### SUPPLIED MATERIAL
*** Begin section ***

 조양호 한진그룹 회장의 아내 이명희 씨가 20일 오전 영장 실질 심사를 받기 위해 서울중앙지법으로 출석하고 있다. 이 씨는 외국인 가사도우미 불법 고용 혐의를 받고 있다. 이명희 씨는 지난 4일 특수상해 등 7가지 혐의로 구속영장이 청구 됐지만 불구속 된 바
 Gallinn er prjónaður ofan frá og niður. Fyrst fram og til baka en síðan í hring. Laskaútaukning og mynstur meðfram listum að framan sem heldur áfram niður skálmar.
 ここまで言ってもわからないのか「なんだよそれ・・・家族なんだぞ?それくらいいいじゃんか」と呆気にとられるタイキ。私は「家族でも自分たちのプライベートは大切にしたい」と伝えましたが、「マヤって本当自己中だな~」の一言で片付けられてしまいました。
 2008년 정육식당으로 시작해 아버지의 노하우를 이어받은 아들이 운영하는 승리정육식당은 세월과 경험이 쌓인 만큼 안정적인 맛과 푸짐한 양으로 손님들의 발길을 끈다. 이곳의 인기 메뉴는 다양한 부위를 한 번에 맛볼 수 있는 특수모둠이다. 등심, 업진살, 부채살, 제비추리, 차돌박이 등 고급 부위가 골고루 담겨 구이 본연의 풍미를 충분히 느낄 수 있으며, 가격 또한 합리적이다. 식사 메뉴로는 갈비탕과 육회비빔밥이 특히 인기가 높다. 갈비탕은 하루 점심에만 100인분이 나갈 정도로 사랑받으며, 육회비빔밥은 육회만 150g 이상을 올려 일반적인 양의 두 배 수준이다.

*** End section ***

### WORK REQUIRED
Everything from the line containing "ここまで言ってもわからないの" through the last line of the listing must be reproduced exactly, and no other line.

### RESPONSE TO THIS EXERCISE
 ここまで言ってもわからないのか「なんだよそれ・・・家族なんだぞ?それくらいいいじゃんか」と呆気にとられるタイキ。私は「家族でも自分たちのプライベートは大切にしたい」と伝えましたが、「マヤって本当自己中だな~」の一言で片付けられてしまいました。
 2008년 정육식당으로 시작해 아버지의 노하우를 이어받은 아들이 운영하는 승리정육식당은 세월과 경험이 쌓인 만큼 안정적인 맛과 푸짐한 양으로 손님들의 발길을 끈다. 이곳의 인기 메뉴는 다양한 부위를 한 번에 맛볼 수 있는 특수모둠이다. 등심, 업진살, 부채살, 제비추리, 차돌박이 등 고급 부위가 골고루 담겨 구이 본연의 풍미를 충분히 느낄 수 있으며, 가격 또한 합리적이다. 식사 메뉴로는 갈비탕과 육회비빔밥이 특히 인기가 높다. 갈비탕은 하루 점심에만 100인분이 나갈 정도로 사랑받으며, 육회비빔밥은 육회만 150g 이상을 올려 일반적인 양의 두 배 수준이다.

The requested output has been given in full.